:: Material for this task ::

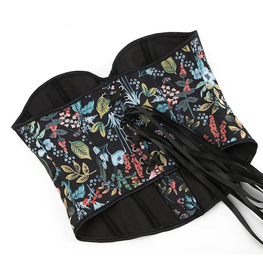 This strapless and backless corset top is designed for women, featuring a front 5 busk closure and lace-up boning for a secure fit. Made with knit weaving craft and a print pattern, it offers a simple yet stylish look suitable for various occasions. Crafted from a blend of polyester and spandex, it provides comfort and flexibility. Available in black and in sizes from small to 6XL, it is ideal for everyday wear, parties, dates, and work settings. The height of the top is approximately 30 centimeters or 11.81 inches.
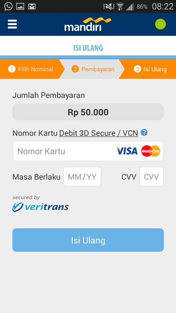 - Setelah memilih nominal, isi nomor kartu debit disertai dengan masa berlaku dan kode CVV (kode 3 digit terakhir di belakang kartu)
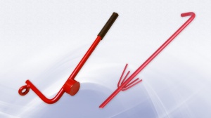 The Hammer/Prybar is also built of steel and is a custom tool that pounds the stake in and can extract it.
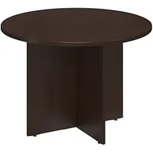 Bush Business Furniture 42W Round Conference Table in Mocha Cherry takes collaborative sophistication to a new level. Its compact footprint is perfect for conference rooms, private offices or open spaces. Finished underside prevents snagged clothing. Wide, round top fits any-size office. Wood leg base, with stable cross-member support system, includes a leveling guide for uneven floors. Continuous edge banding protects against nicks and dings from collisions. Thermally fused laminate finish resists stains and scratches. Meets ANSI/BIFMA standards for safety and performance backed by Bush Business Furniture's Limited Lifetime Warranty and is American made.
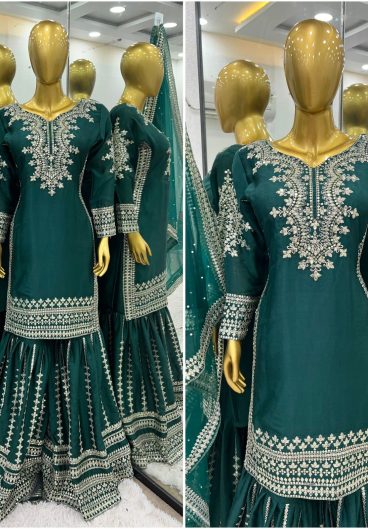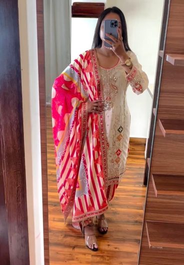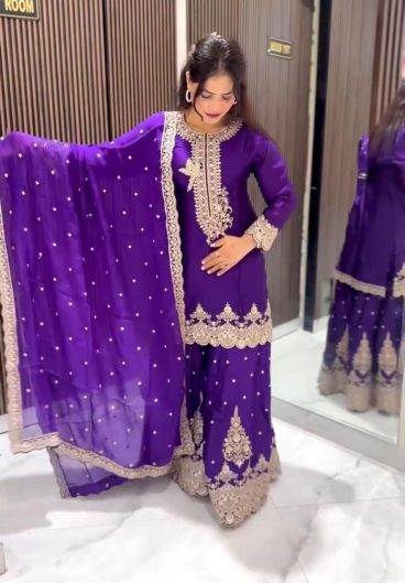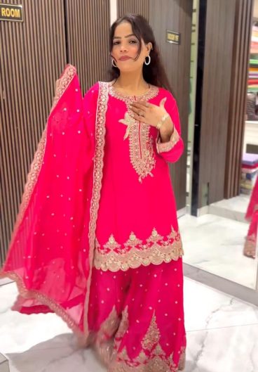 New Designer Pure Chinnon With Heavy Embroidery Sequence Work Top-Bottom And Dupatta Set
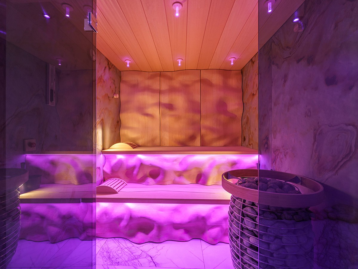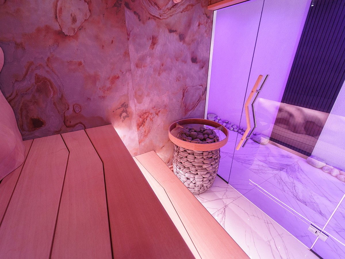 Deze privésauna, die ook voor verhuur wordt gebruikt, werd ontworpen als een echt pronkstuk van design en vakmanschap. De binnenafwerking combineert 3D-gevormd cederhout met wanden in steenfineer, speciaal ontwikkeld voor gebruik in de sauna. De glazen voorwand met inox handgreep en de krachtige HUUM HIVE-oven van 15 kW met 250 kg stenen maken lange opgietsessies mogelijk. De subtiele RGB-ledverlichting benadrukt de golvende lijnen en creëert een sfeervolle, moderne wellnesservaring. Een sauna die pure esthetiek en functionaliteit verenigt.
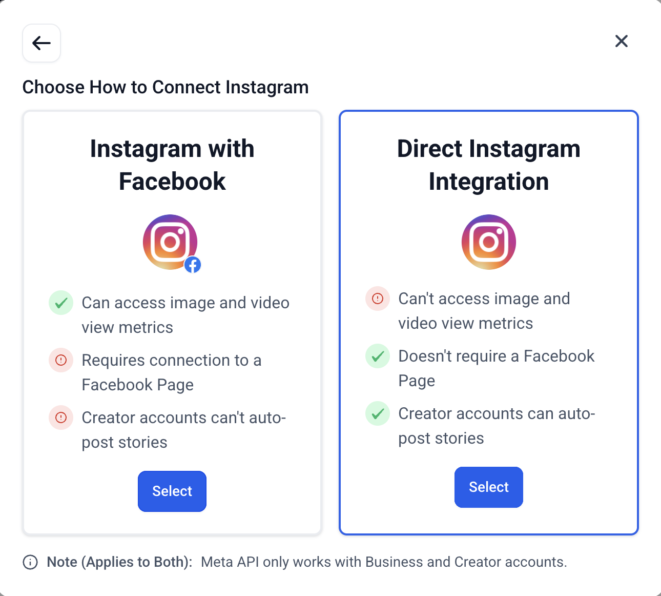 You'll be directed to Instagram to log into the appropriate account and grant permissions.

:::
:: Material for this task ::

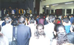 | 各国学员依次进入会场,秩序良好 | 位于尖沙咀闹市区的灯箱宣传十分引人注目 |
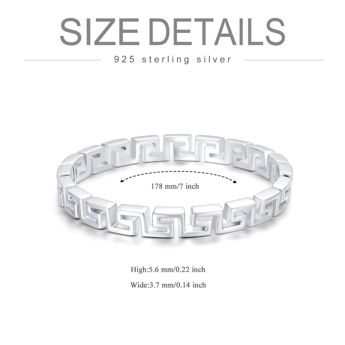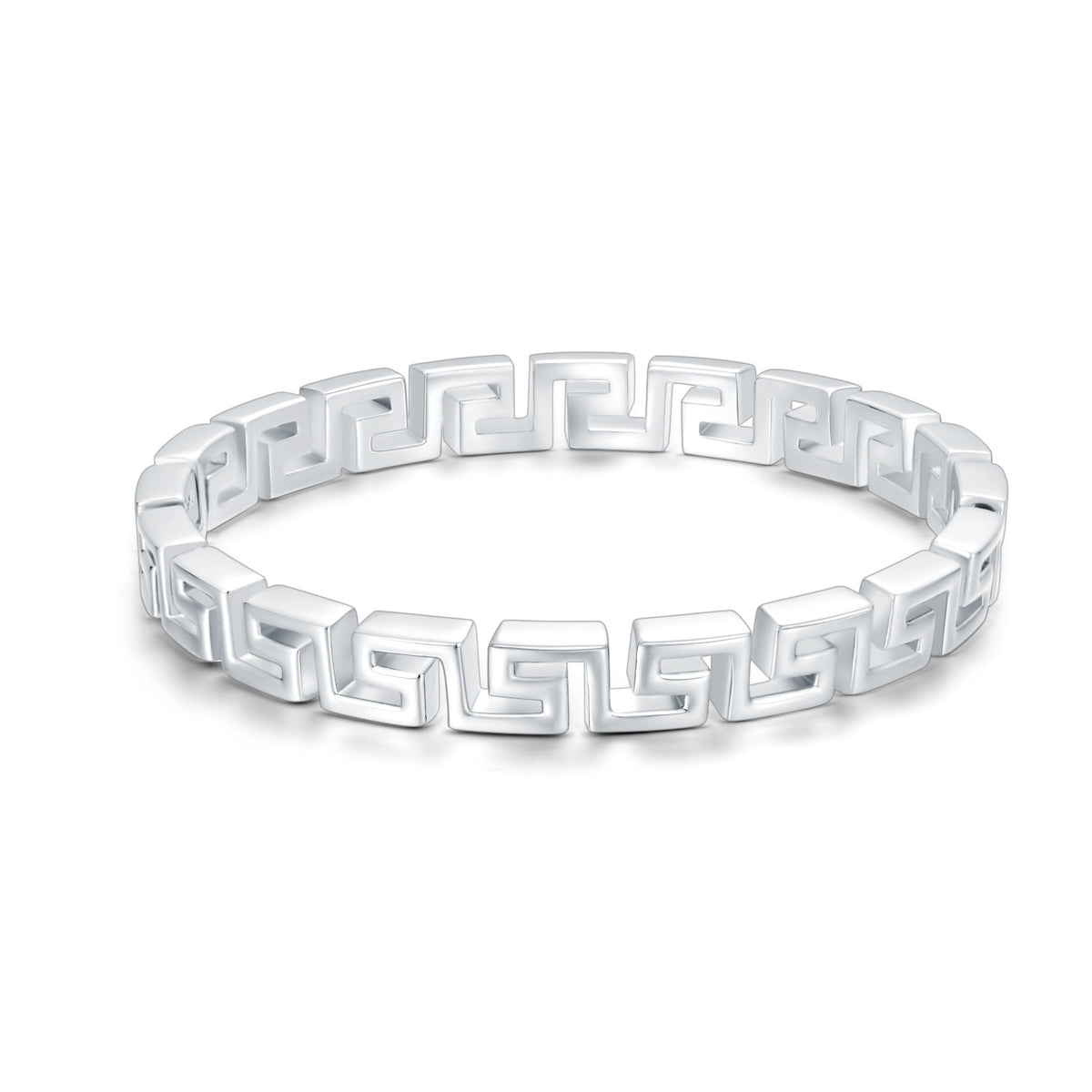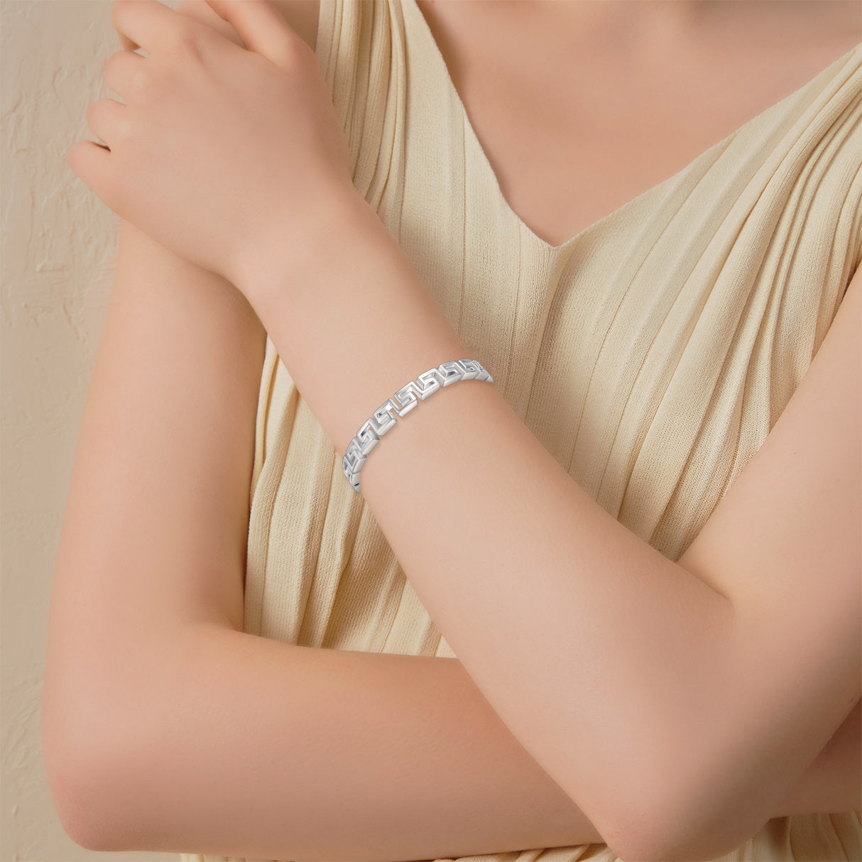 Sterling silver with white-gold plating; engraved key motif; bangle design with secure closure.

:::

**Task description**
Reproduce the data above exactly, but only the lines from the one showing "Deze privésauna, die" through the one showing "You'll be directed", with both ends kept and the pictures left out.

**Output**
 Deze privésauna, die ook voor verhuur wordt gebruikt, werd ontworpen als een echt pronkstuk van design en vakmanschap. De binnenafwerking combineert 3D-gevormd cederhout met wanden in steenfineer, speciaal ontwikkeld voor gebruik in de sauna. De glazen voorwand met inox handgreep en de krachtige HUUM HIVE-oven van 15 kW met 250 kg stenen maken lange opgietsessies mogelijk. De subtiele RGB-ledverlichting benadrukt de golvende lijnen en creëert een sfeervolle, moderne wellnesservaring. Een sauna die pure esthetiek en functionaliteit verenigt.
 You'll be directed to Instagram to log into the appropriate account and grant permissions.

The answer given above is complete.